■ **Goal of the exercise**
Where an image appears in the data, omit it and reproduce the rest exactly.

(Data supplied begins)

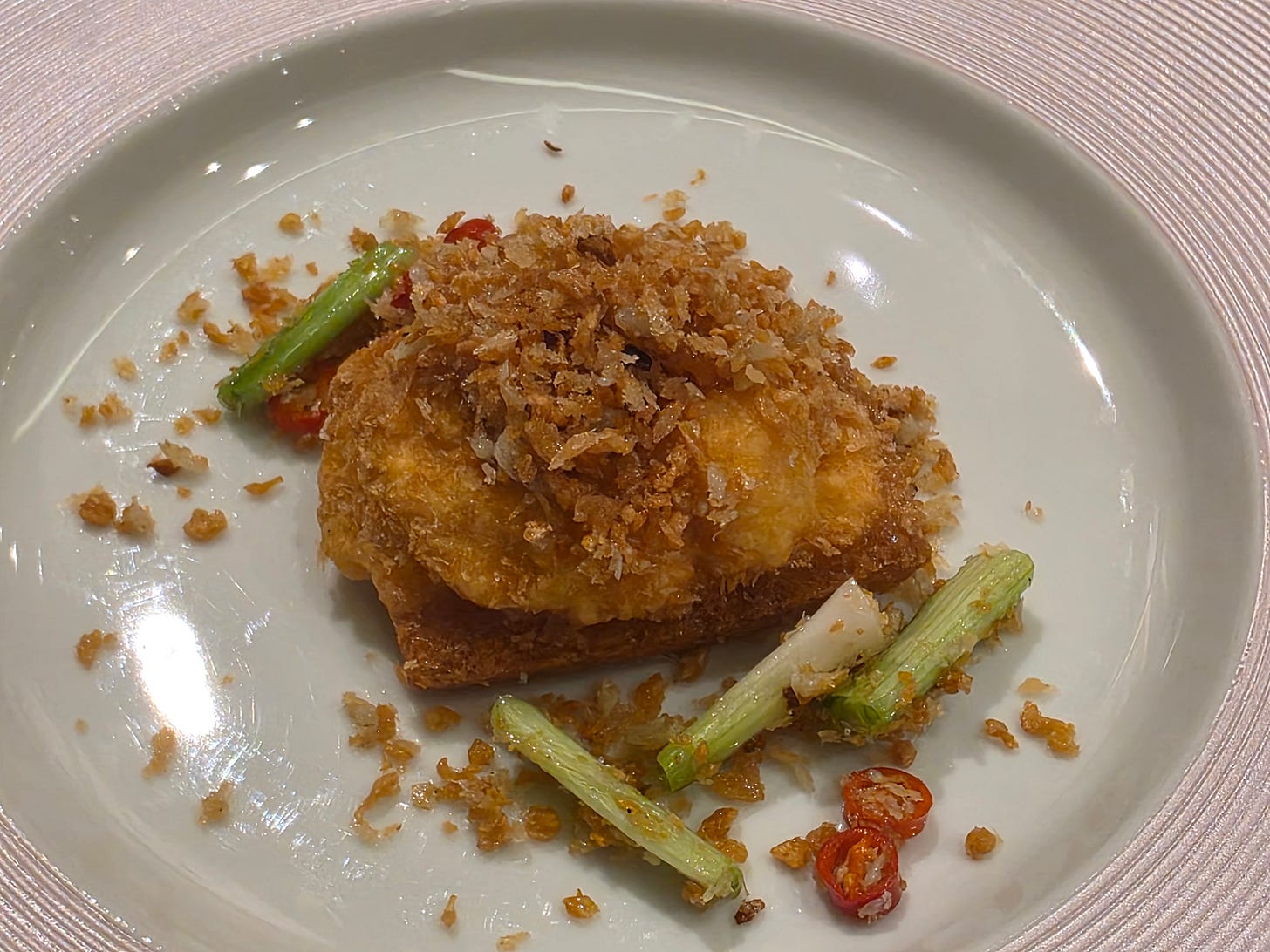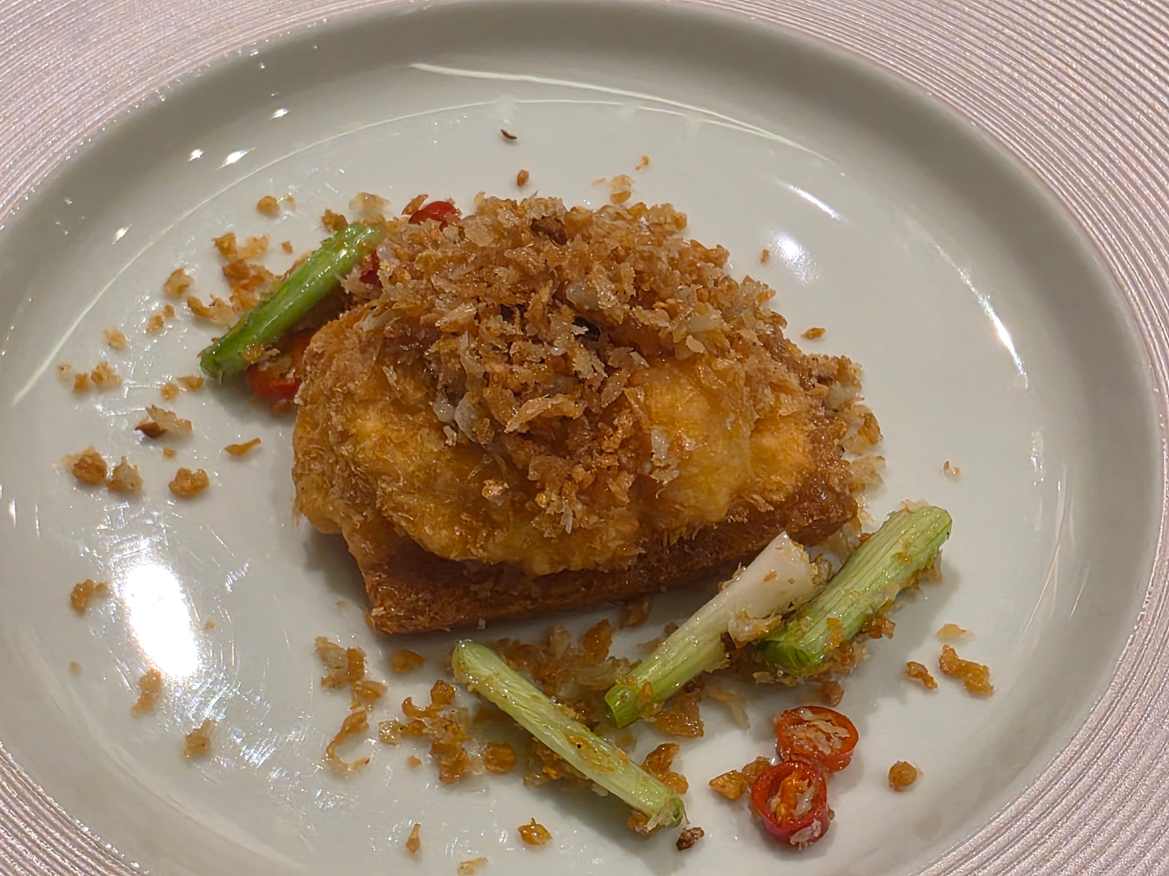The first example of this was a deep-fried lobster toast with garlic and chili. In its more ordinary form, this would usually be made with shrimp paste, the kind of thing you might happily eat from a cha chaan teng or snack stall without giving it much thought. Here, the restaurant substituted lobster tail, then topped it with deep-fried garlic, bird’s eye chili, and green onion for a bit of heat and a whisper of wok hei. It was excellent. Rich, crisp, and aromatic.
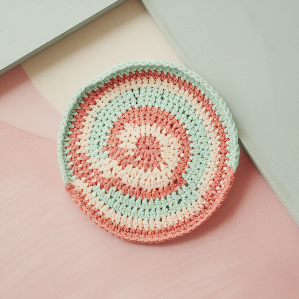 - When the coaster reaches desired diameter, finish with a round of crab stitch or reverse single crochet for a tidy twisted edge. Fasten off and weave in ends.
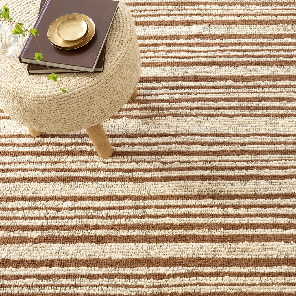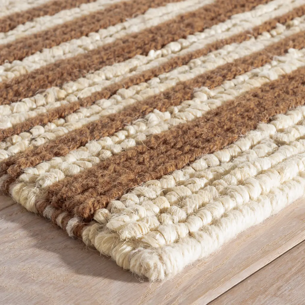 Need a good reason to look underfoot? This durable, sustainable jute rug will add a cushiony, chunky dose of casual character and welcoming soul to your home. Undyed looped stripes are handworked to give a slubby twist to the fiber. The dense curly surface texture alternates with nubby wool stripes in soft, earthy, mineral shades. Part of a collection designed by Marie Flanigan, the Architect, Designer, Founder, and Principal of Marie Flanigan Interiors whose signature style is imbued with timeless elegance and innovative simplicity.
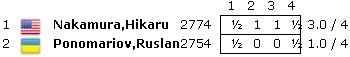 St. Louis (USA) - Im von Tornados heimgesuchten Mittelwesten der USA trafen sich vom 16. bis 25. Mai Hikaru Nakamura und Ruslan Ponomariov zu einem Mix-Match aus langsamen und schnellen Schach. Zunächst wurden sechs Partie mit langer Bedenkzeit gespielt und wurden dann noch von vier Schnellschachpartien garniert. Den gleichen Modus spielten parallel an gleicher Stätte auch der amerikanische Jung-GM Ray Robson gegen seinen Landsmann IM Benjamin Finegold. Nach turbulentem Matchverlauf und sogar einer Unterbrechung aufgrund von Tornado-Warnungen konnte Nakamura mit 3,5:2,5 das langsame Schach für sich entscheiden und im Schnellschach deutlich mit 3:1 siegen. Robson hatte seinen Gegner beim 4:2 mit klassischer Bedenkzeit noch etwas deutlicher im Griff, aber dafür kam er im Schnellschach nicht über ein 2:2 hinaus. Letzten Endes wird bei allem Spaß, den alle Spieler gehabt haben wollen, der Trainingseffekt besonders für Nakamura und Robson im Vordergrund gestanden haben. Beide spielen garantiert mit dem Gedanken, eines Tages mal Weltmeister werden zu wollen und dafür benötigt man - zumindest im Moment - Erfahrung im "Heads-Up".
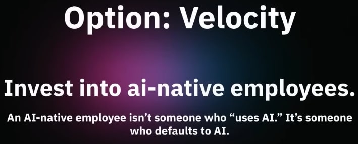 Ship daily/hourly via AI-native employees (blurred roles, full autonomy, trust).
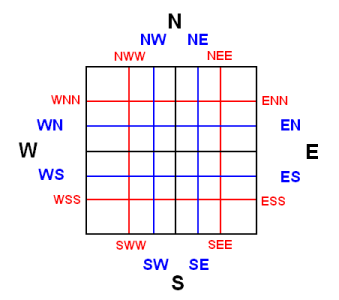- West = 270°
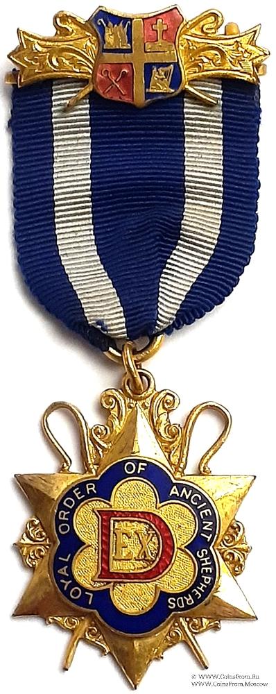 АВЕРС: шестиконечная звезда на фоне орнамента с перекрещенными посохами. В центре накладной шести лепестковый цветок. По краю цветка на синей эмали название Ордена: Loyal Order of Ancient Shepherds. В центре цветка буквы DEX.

(Data supplied ends)

■ **Answer area**
The first example of this was a deep-fried lobster toast with garlic and chili. In its more ordinary form, this would usually be made with shrimp paste, the kind of thing you might happily eat from a cha chaan teng or snack stall without giving it much thought. Here, the restaurant substituted lobster tail, then topped it with deep-fried garlic, bird’s eye chili, and green onion for a bit of heat and a whisper of wok hei. It was excellent. Rich, crisp, and aromatic.
 - When the coaster reaches desired diameter, finish with a round of crab stitch or reverse single crochet for a tidy twisted edge. Fasten off and weave in ends.
 Need a good reason to look underfoot? This durable, sustainable jute rug will add a cushiony, chunky dose of casual character and welcoming soul to your home. Undyed looped stripes are handworked to give a slubby twist to the fiber. The dense curly surface texture alternates with nubby wool stripes in soft, earthy, mineral shades. Part of a collection designed by Marie Flanigan, the Architect, Designer, Founder, and Principal of Marie Flanigan Interiors whose signature style is imbued with timeless elegance and innovative simplicity.
 St. Louis (USA) - Im von Tornados heimgesuchten Mittelwesten der USA trafen sich vom 16. bis 25. Mai Hikaru Nakamura und Ruslan Ponomariov zu einem Mix-Match aus langsamen und schnellen Schach. Zunächst wurden sechs Partie mit langer Bedenkzeit gespielt und wurden dann noch von vier Schnellschachpartien garniert. Den gleichen Modus spielten parallel an gleicher Stätte auch der amerikanische Jung-GM Ray Robson gegen seinen Landsmann IM Benjamin Finegold. Nach turbulentem Matchverlauf und sogar einer Unterbrechung aufgrund von Tornado-Warnungen konnte Nakamura mit 3,5:2,5 das langsame Schach für sich entscheiden und im Schnellschach deutlich mit 3:1 siegen. Robson hatte seinen Gegner beim 4:2 mit klassischer Bedenkzeit noch etwas deutlicher im Griff, aber dafür kam er im Schnellschach nicht über ein 2:2 hinaus. Letzten Endes wird bei allem Spaß, den alle Spieler gehabt haben wollen, der Trainingseffekt besonders für Nakamura und Robson im Vordergrund gestanden haben. Beide spielen garantiert mit dem Gedanken, eines Tages mal Weltmeister werden zu wollen und dafür benötigt man - zumindest im Moment - Erfahrung im "Heads-Up".
 Ship daily/hourly via AI-native employees (blurred roles, full autonomy, trust).
- West = 270°
 АВЕРС: шестиконечная звезда на фоне орнамента с перекрещенными посохами. В центре накладной шести лепестковый цветок. По краю цветка на синей эмали название Ордена: Loyal Order of Ancient Shepherds. В центре цветка буквы DEX.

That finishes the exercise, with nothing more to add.